Les Miserables (review):
I dreamed a dream that this would be... the best film of 2012!  It is hard to tell how much of this film's failings fall in the film making (extreme close-ups, an odd sense of scale, etc.) and how much is merely from seeing the source material with new eyes and ears and realizing that Les Miserables isn't among the best modern musicals after all.  The acting is so good (especially by Anne Hathaway, Hugh Jackman, and Eddie Redmayne), and the camera stays so close, that many of the songs become emotionally redundant.  The second and third acts fly by with barely a moment to establish time and place.  The show/film attempts to invest us in a love story that occurs in the blink of an eye, at the expense of the first act's powerful social/political critique.  Thin characterization, inappropriate comic relief, and irksome plot holes that didn't quite register on stage come to the forefront onscreen, not only hurting the film but marring the legacy of the show as well.  It may well ride box office fortune and generally positive reviews to Oscar glory, just as Chicago did ten years ago.  But then, I thought Chicago was overrated too.  Both made audiences fall for a bit of the old razzle-dazzle.

Pitch Perfect:
Well-acted by all, and with one genuinely great sequence (the mid-film riff-off is a corker), this unexpected sleeper doesn't quite gel.  The generally entertaining film suffers from massive pacing issues, the feeling that much of the film ended up on the cutting room floor, and an oddly sense of lethargy throughout.  Anna Kendrick once again shows how she can elevate sub par material and Rebel Wilson earns laughs even as too much of the humor derives from the fact that she's overweight.  But the film jumps all over the place in terms of time and continuity, acting as if nothing important has happened over multiple multi-month time-jumps, and it fails to make the major performances catch fire.  The 'team comes together to kick butt' moment, which arguably should occur around the halfway point instead arrives well into the third act, cheating us of the thrill of watching this unit as a cohesive whole and making the film feel more like a television pilot. It's no great tragedy, its box office success is a net positive, and it may well become a classic for girls' slumber parties.  But it's a missed opportunity that one last screenplay clean-up and a bit more energy could have fixed.

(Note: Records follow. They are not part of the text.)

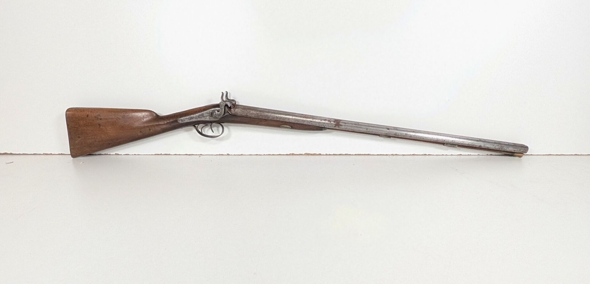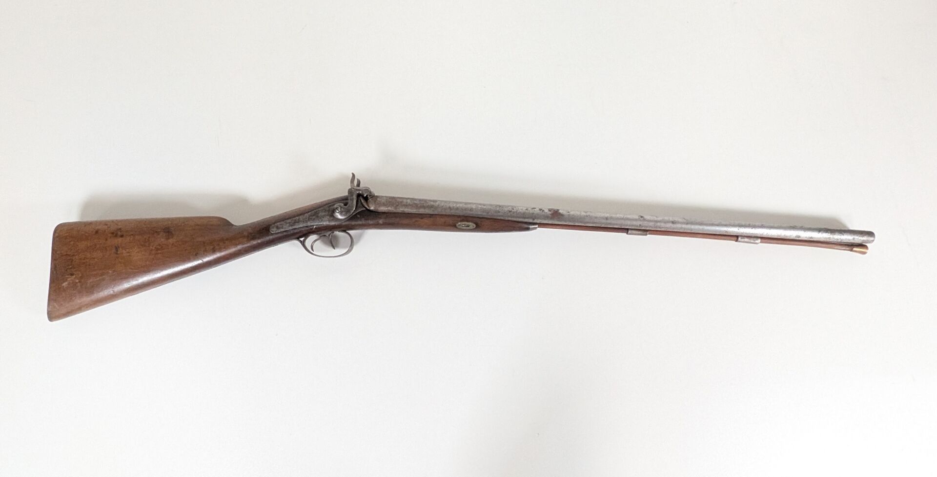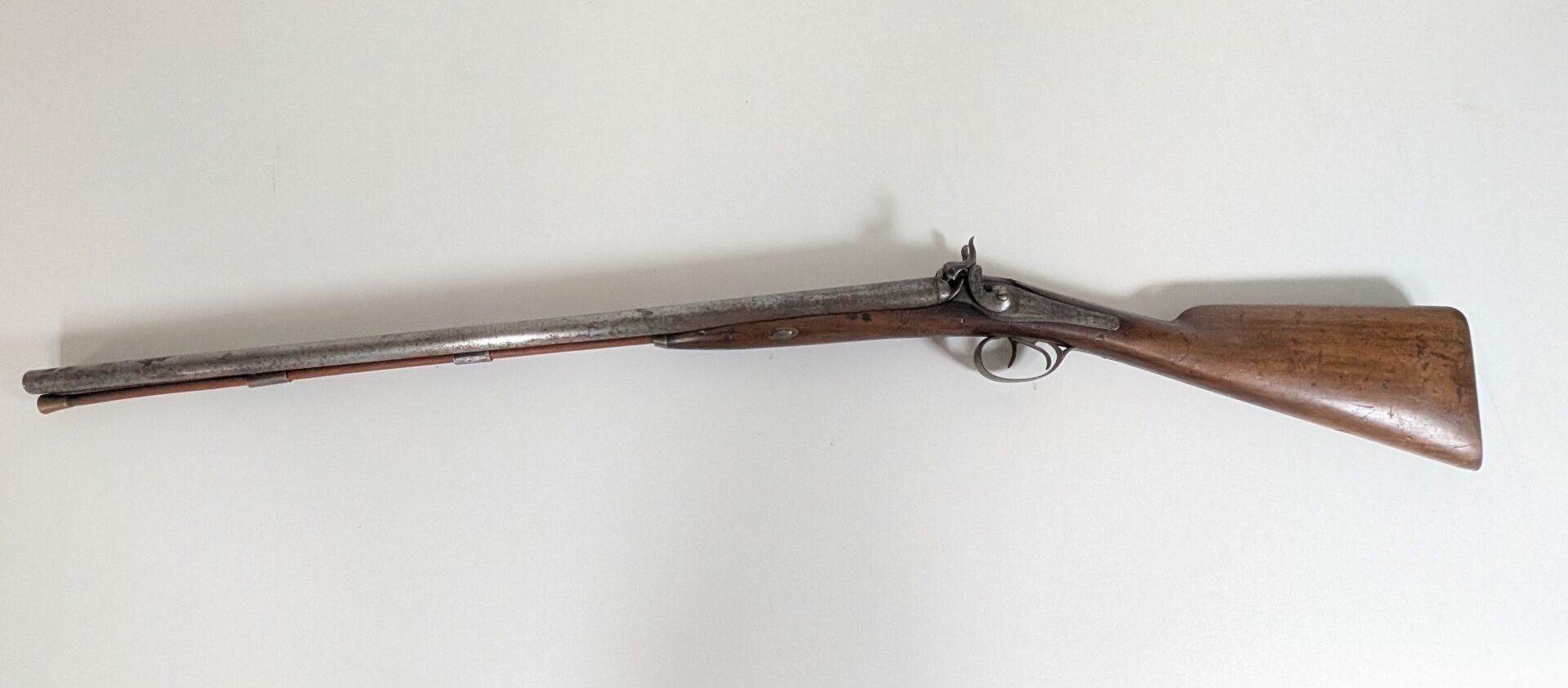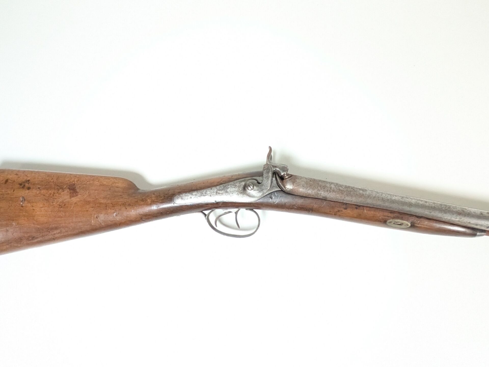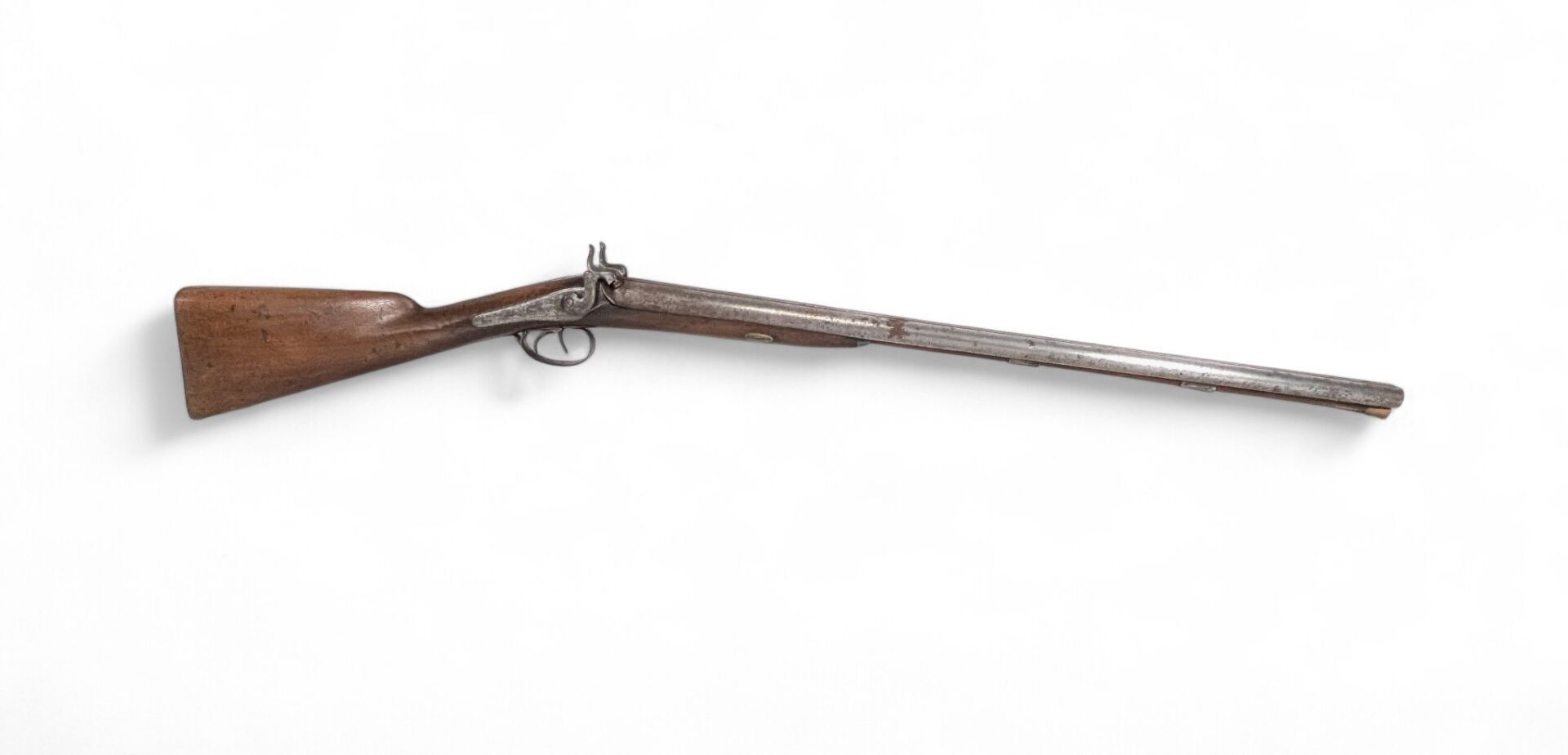 Shotgun with side-by-side barrels and piston, external hammers, L. 109 cm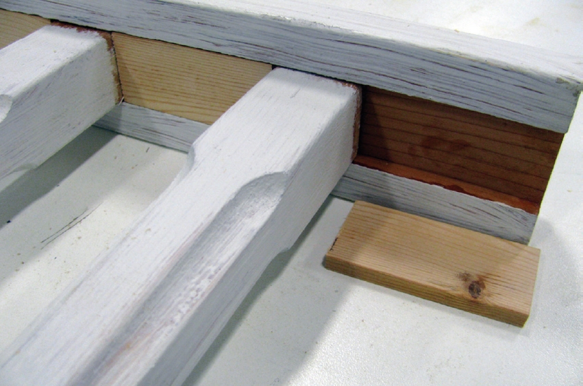 Small wood fill pieces were placed between the spindles to maintain even spacing.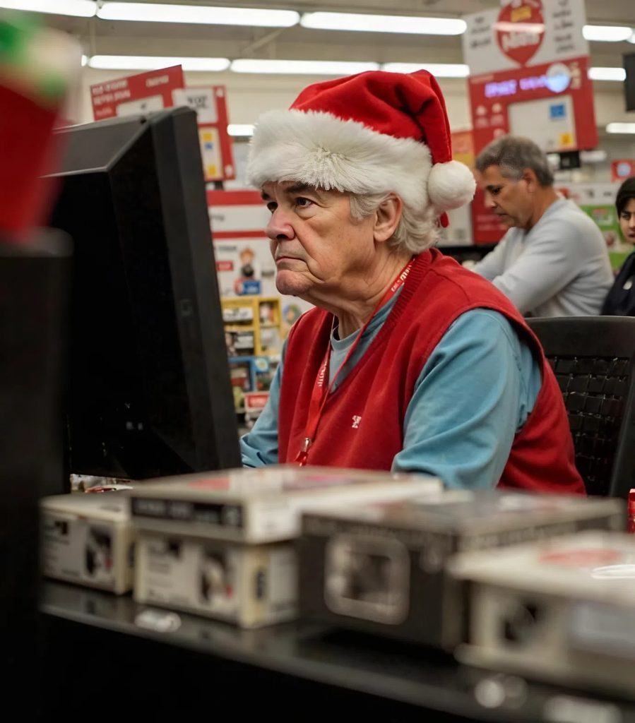 La veille de Noël, le supermarché était presque vide. Les néons clignotaient au-dessus des caisses et une musique festive passait faiblement, trop joyeuse pour l’ambiance fatiguée du lieu. Je revenais moi-même d’une longue journée de travail et je n’avais qu’une idée en tête : acheter du lait pour accompagner les biscuits que ma fille de sept ans, Léa, avait préparés pour le Père Noël. Je ne voulais pas briser la magie.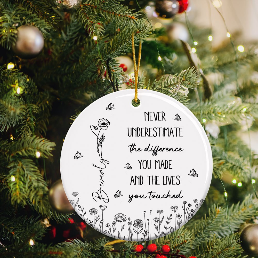 Jokaisessa keraamisessa koristeessa on räätälöity syntymäkukka, joka edustaa kunkin kuukauden kukkia, sekä teksti "Never underestimate the difference you made and the lives you touched.". Tämä muotoilu välittää ainutlaatuisen tunneviestin ja merkityksen. Voit lisätä minkä tahansa haluamasi nimen, jolloin syntyy uniikki koriste-esine.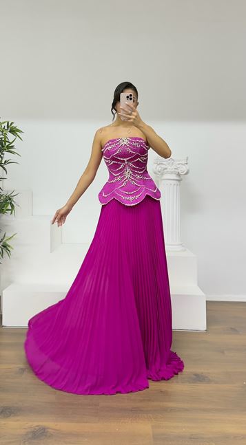 • yeni-gelen-en.png Dark Lilac Strapless Waist Transparent Lace Evening Dress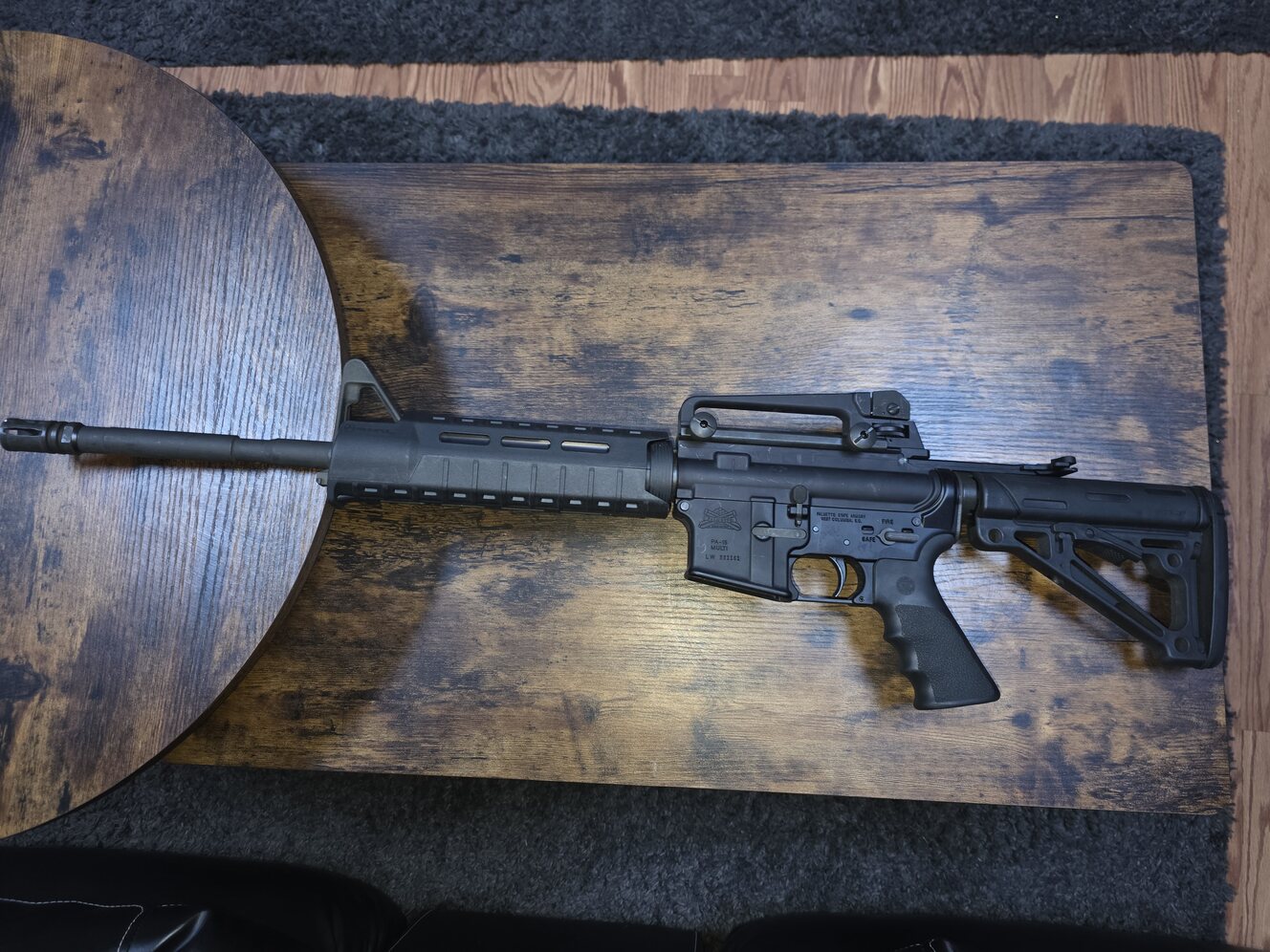 Colt upper/PSA lower 16" AR-15 with A2 site and carry handle. Text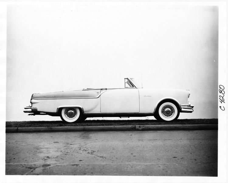 8x10 black and white Packard Co. file photograph of a 1954 Packard Caribbean convertible, right side view, dual white sidewall tires, wire wheels, 2-door.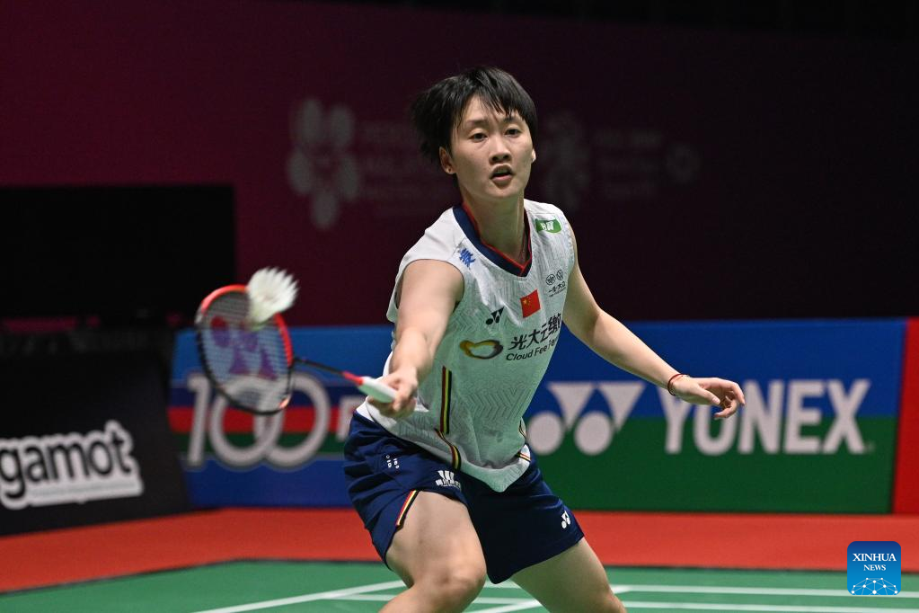 China's Chen Yufei hits a return during the women's singles final match against South Korea's An Se Young at Malaysia Masters 2022 in Kuala Lumpur, Malaysia, July 10, 2022. (Photo by Chong Voon Chung/Xinhua)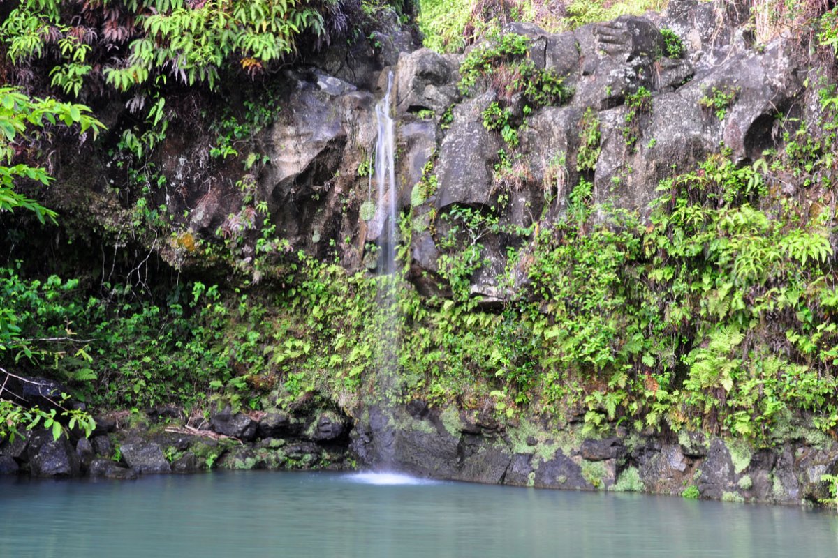 Further down the Hana Highway, around a half-mile past mile marker 22, you'll find Pua'a Ka'a State Wayside Park (that's always fun to say). Here you'll find a paved trail to several small falls and a picnic area. A larger falls can also be accessed upstream via a dirt trail. If you decide to go, use caution crossing the viaduct and be prepared for mud. Mongooses (yes that's plural) also hang out at the park. You may have already seen them streaking across the road. Some bright soul imported them to kill the rats that the sailors brought here on their boats. Well, they killed the ground rats and most of the ground birds but left the tree rats. They are now found on every island except Kaua'i.The little creatures run around this area gathering food left over from picnics. You are also likely to see the wild Jungle Foul (chickens) that frequent the area (that is, if the mongooses haven't gotten to them yet).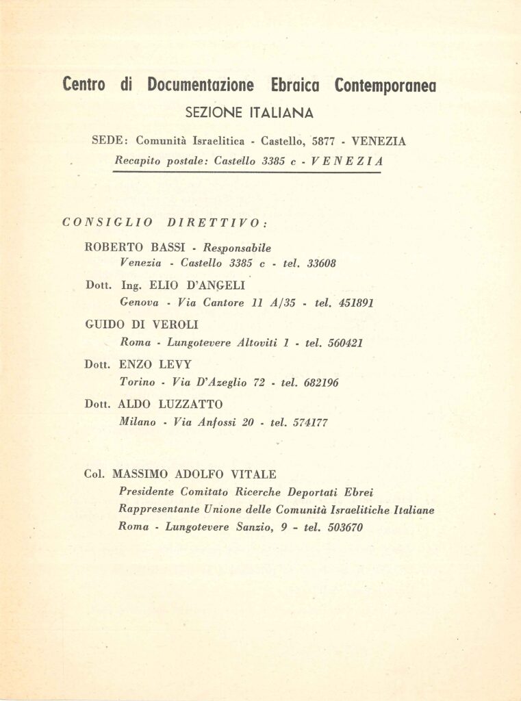 leggi tuttoLa direzione viene affidata a Roberto Bassi, giovane consigliere della FGEI e come riportato nel primo documento del Centro, «Tale CDEC, analogamente ai Centri già esistenti in altri Paesi, provvederà a raccogliere documentazioni, testimonianze, pubblicazioni, […] interessanti le persecuzioni antisemite in Italia, il contributo ebraico alla Resistenza, […] e successivamente a divulgarle».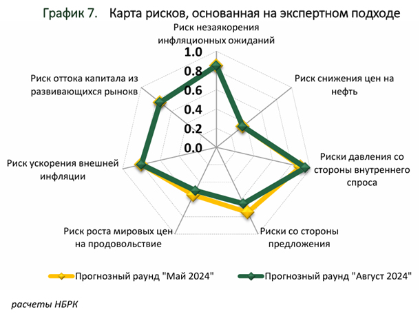 Остается высоким и риск оттока капитала с развивающихся рынков в пользу развитых. В случае сохранения или даже усиления устойчивого инфляционного давления в мире центральные банки развитых стран будут поддерживать жесткие денежно-кредитные условия более длительное время, что может негативно сказаться на валютах стран с развивающимся рынком. Кроме того, геополитическая нестабильность сохраняет повышенным санкционный риск в отношении страны-торгового партнера Казахстана. Что касается ВВП, то риски для его прогноза связаны с неопределённостью в отношении показателей добычи нефти и параметров будущей налогово-бюджетной политики.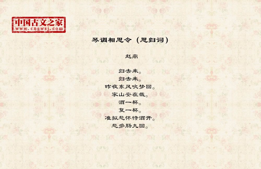 归去来。归去来。昨夜东风吹梦回。家山安在哉。酒一杯。复一杯。准拟愁怀待酒开。愁多肠九回。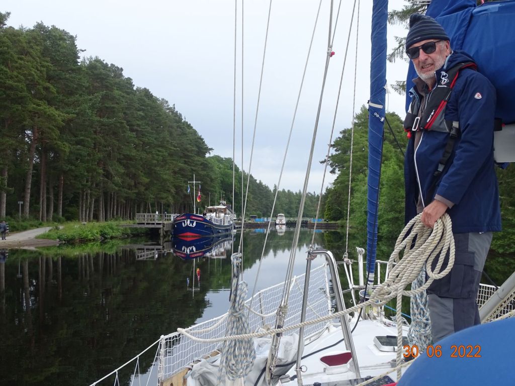 Les éclusiers sont extrêmement serviables et efficaces. Si nous pensions que ce serait un peu sport de passer toutes ces écluses tous les deux, sans équipier, nous sommes complétement rassurés. Il y a toujours quelqu’un pour vous prendre vos amarres et s‘assurer que vous êtes correctement placé. Nous étions le seul bateau à passer les 8 écluses de l’après-midi et avions trois éclusiers à notre disposition avec lesquels nous avons eu le temps de discuter pendant les presque deux heures de l’ascension. C’était bien sympathique malgré la pluie battante. Il ne pleut jamais autant nous ont-ils dit… Mon œil !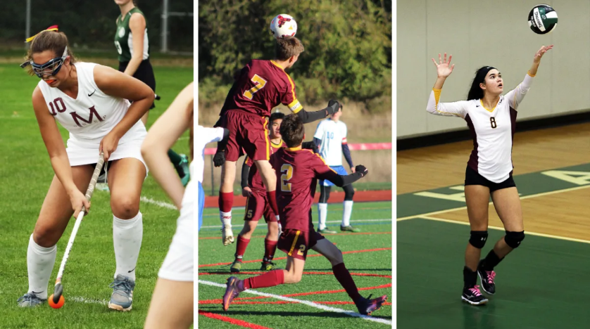 羽毛球, 棒球, 籃球, 船員, 越野, 賽馬場曲棍球, 高爾夫, 曲棍球, 足球, 壘球, 游泳, 網(wǎng)球, 田徑, 終極飛盤, 排球, 冬季徑跡, 摔跤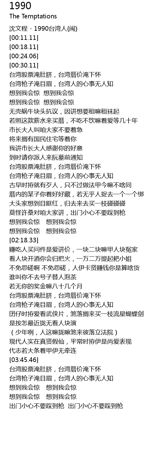 | [03:11.34] | 台湾枪子淹目眉,台湾人的心事无人知 |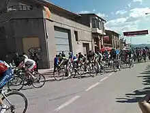 Omega Pharma–Quick-Step then assumed the leadership of the peloton, looking to help with Levi Leipheimer's bid for the overall race as a whole; in a reverse to what occurred at Paris–Nice earlier in the month where Movistar Team initiated the pace when Leipheimer fell three times during the penultimate stage.[21] The breakaway's gap out front quickly dwindled, and were caught with over 40 km (24.9 mi) left to travel in the stage.[16][17] This allowed for the Alt dels Angels, a first-category climb 14 km (8.7 mi) from the end,[22] to take a greater presence in the stage's running, increasing the chances of riders going off the front to attack. After Leipheimer and Tejay van Garderen (BMC Racing Team) made failed bids to get away,[16] three riders – Lampre–ISD's Damiano Cunego, Garmin–Barracuda rider Dan Martin and Matteo Carrara of Vacansoleil–DCM – went clear on the descent and held station off the front until the closing stages.[17] A reduced peloton contested the sprint in Girona; Bradley Wiggins tried to set the sprint up for his Team Sky team-mate Rigoberto Urán,[23] but Albasini surprised the field by accelerating clear in the finishing straight and picked up his second successive stage victory.[24] Urán finished third behind Omega Pharma–Quick-Step's Dario Cataldo.[23]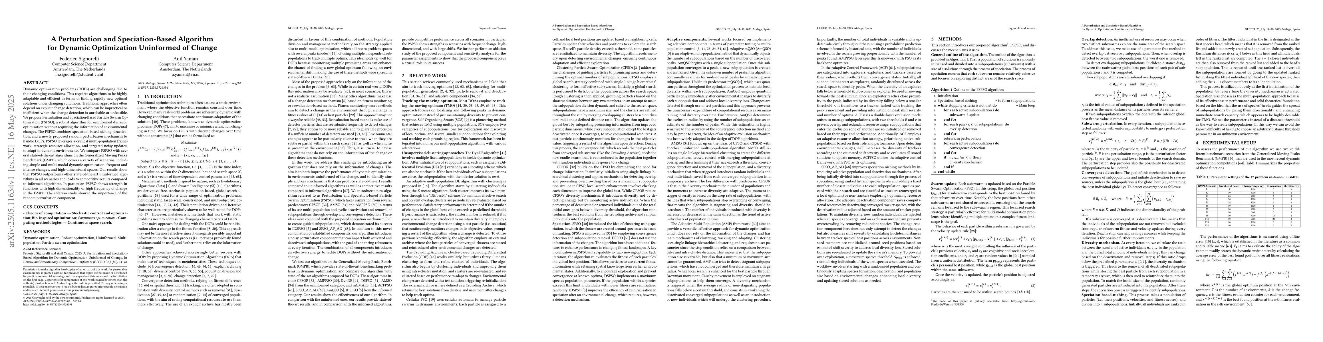 The research introduces Perturbation and Speciation-Based Particle Swarm Optimization (PSPSO), a novel algorithm designed for dynamic optimization without explicit change detection information.
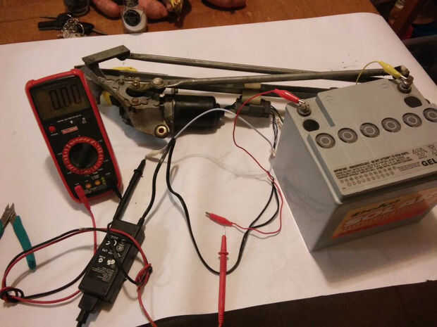 A diferencia de Tomatoskins, que necesitaba para probar el motor del limpiaparabrisas para ver cuánto actual necesito para ejecutarlo. utilizando una batería de coche de 12 voltios para alimentar el motor, sin carga, la corriente era alrededor 1,3 amperios. Si agrega carga al motor la corriente fue hasta aproximadamente 3,5 amperios. Tuve un 12 voltios 5 amperios potencia adaptador colocación alrededor y pensé que funcionaría perfectamente.

The Silver Linings Playbook (essay 1/essay 2):
This is a painfully contrived romantic comedy that I'd argue is getting a pass A) because it's centered around a guy and B) because it's shrouded in prestige to the point where what wouldn't pass muster as a Katherine Heigl (or even Gerald Butler) genre entry is now an Oscar contender.  Whatever good work the first act does in realistically depicting the struggles of elderly parents dealing with their mentally ill son living with them comes undone in the last two-thirds, climaxing in a ridiculous 'We have to win this dance contest or our family is doomed!' climax that feels like a rejected episode of Glee.  Robert De Niro's standard patriarchal figure is being hailed as some kind of comeback by those who only saw him in Little Fockers, Righteous Kill, and/or The Adventures of Rocky and Bullwinkle.  Jennifer Lawrence may just deserve the Oscar nomination that she'll most assuredly get, if only for convincing critics and pundits that her stock 'manic pixie dream girl' is some kind of worthwhile female character, as opposed to the token love interest (who has not a single scene not involving Cooper's lead) that she really is.  Taken outside its status as an Oscar picture, it's a mediocre romantic comedy that falls apart in the third act.  That's its being discussed as one of the year's better films shows the curve on which we grade films that come out at the right time of the year and/or have the right names attached to them.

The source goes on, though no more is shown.